题目描述
Ever the maturing businessman, Farmer John realizes that he must manage his time effectively. He has N jobs conveniently numbered 1..N (1 <= N <= 1,000) to accomplish (like milking the cows, cleaning the barn, mending the fences, and so on).
To manage his time effectively, he has created a list of the jobs that must be finished. Job i requires a certain amount of time T_i (1 <= T_i <= 1,000) to complete and furthermore must be finished by time S_i (1 <= S_i <= 1,000,000). Farmer John starts his day at time t=0 and can only work on one job at a time until it is finished.
Even a maturing businessman likes to sleep late; help Farmer John determine the latest he can start working and still finish all the jobs on time.
作为一名忙碌的商人,约翰知道必须高效地安排他的时间.他有N工作要 做,比如给奶牛挤奶,清洗牛棚,修理栅栏之类的.
为了高效,列出了所有工作的清单.第i分工作需要T_i单位的时间来完成,而 且必须在S_i或之前完成.现在是0时刻.约翰做一份工作必须直到做完才能停 止.
所有的商人都喜欢睡懒觉.请帮约翰计算他最迟什么时候开始工作,可以让所有工作按时完成.(如果无法完成全部任务,输出-1)
输入输出格式
输入格式:
Line 1: A single integer: N
Lines 2..N+1: Line i+1 contains two space-separated integers: T_i and S_i
输出格式:
- Line 1: The latest time Farmer John can start working or -1 if Farmer John cannot finish all the jobs on time.
输入输出样例
输入样例#1: 复制
4
3 5
8 14
5 20
1 16
输出样例#1: 复制
2
说明
Farmer John has 4 jobs to do, which take 3, 8, 5, and 1 units of time, respectively, and must be completed by time 5, 14, 20, and 16, respectively.

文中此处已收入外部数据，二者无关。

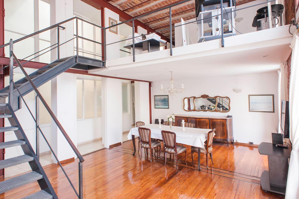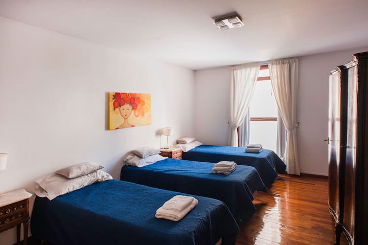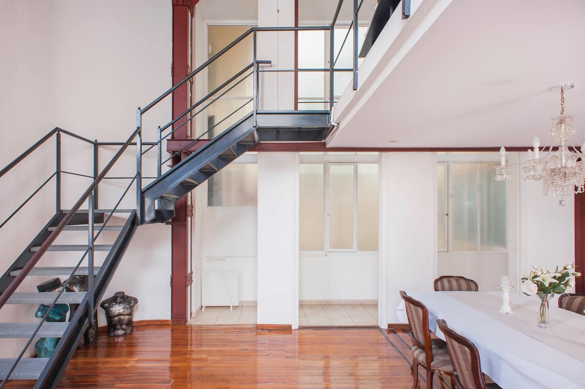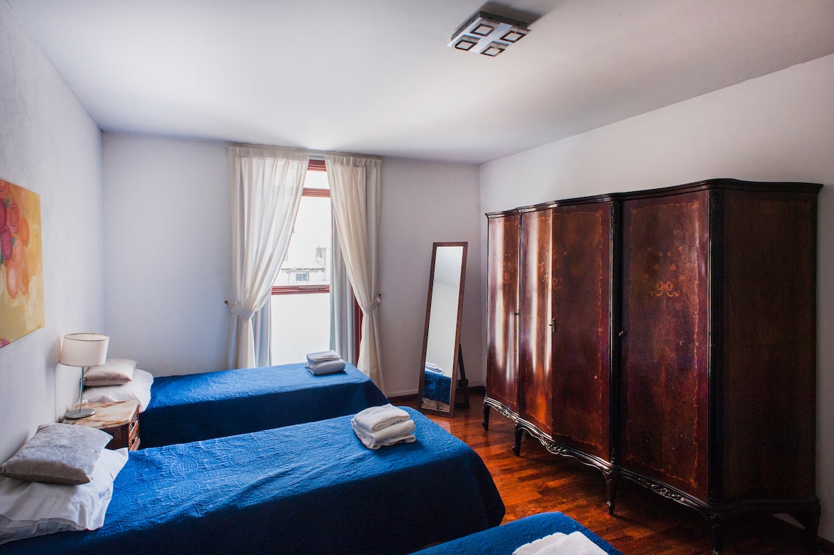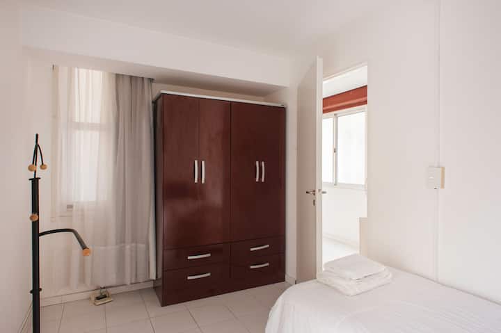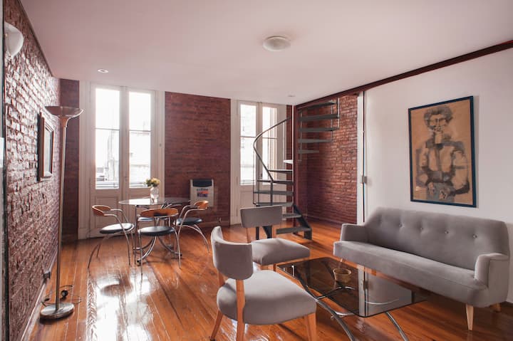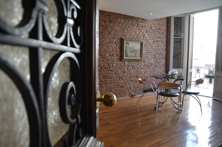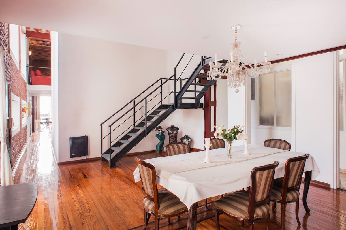 Apartment with 180 m² on two floors in Retiro, reported as very bright. It includes a spacious living room and a large reception area. There are 4 bedrooms (one double, one triple, two single) plus a common space with a futon for 2 people, and 2 full bathrooms. Internet with Wi‑Fi, cable TV, and a landline phone are mentioned. An alarm is included, and the reception has a balcony facing the street. Located 100 metres from Av 9 de Julio, Av Santa Fe and Av Córdoba, and 400 metres from Subte lines
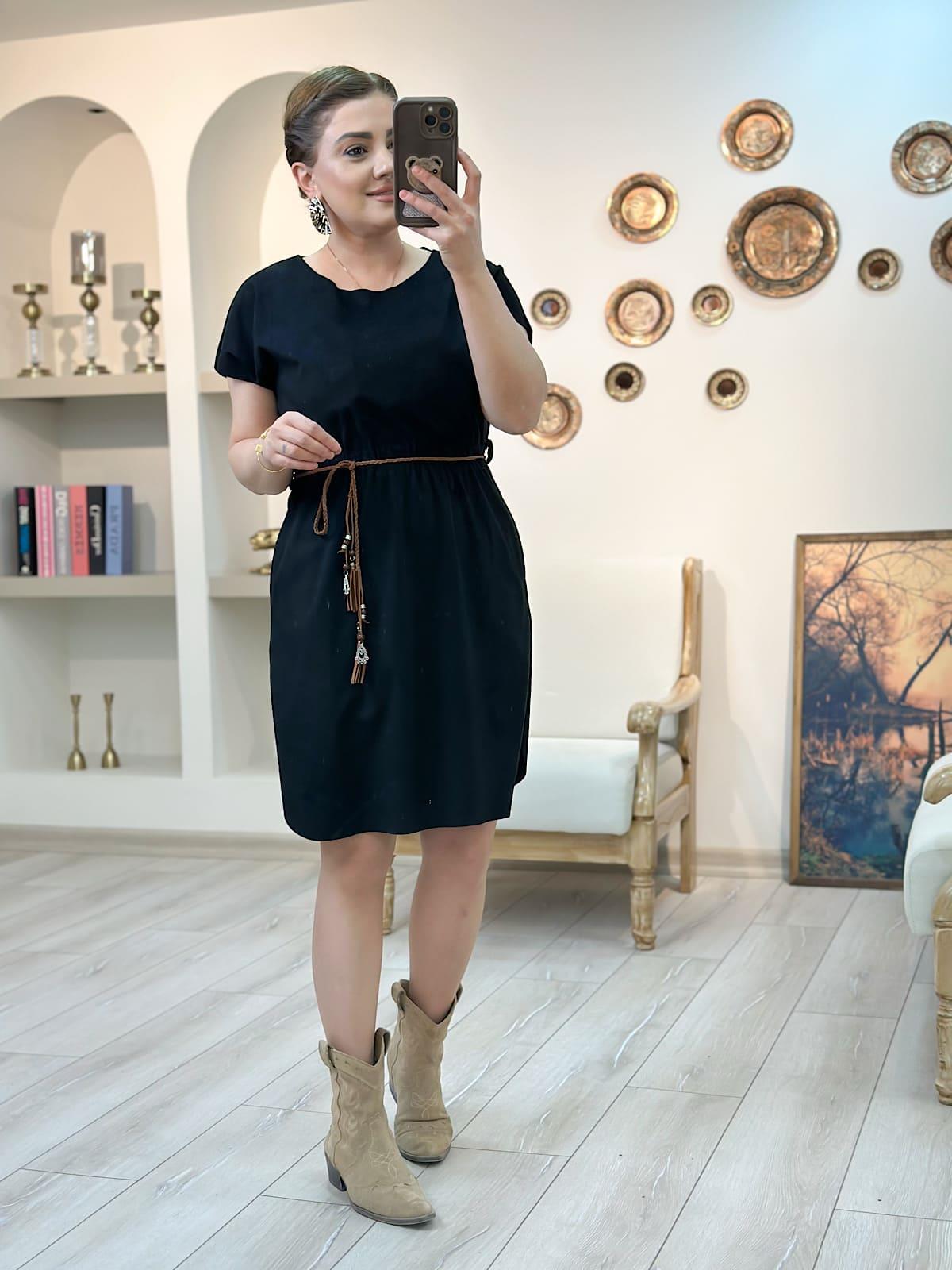 Kemerli Kısa Kol Nubuk elbise SİYAH (23YELB000163)

Farmer John must start the first job at time 2. Then he can do the second, fourth, and third jobs in that order to finish on time.
解题思路
考试题,二分答案斜挂。。。我真的是个人才, 发现必须要有ans,不能直接输出l,否则会有些奇奇怪怪的错误。我的做法是将原数列按S排序,然后二分答案,时间复杂度O(nlogn),100000还是可以过的。
代码
#include<iostream>
#include<cstdio>
#include<cstring>
#include<algorithm>
#include<cstdlib>
using namespace std;
const int MAXN = 100005;
inline int rd(){
int x=0,f=1;char ch=getchar();
while(ch<'0' || ch>'9') {if(ch=='-') f=-1;ch=getchar();}
while(ch>='0' && ch<='9') {x=(x<<1)+(x<<3)+ch-'0';ch=getchar();}
return x*f;
}
int n,ans=0;
struct Time{
int st,ed;
}t[MAXN];
inline bool cmp(Time a,Time b){
return a.ed<b.ed;
}
inline bool check(int x){
int k=x;
for(register int i=1;i<=n;i++){
k+=t[i].st;
if(k>t[i].ed) return false;
}
return true;
}
int main(){
// freopen("manage.in","r",stdin);
// freopen("manage.out","w",stdout);
n=rd();
for(register int i=1;i<=n;i++)
t[i].st=rd(),t[i].ed=rd();
sort(t+1,t+1+n,cmp);
int l=0,r=t[1].ed-t[1].st;
// for(register int i=1;i<=n;i++) cout<<t[i].st<<" "<<t[i].ed<<endl;
if(r<0) {puts("-1");return 0;}
while(l<=r){
int mid=(l+r)>>1;
// cout<<l<<" "<<r<<" ";
// cout<<mid<<endl;
if(check(mid)) {l=mid+1;ans=mid;}
else r=mid-1;
}
if(ans==0 && !check(0)) puts("-1");
else printf("%d",ans);
return 0;
}
/*
4
3 5
8 14
5 20
1 16
*/
/*
3
1 100
100 105
110 300
*/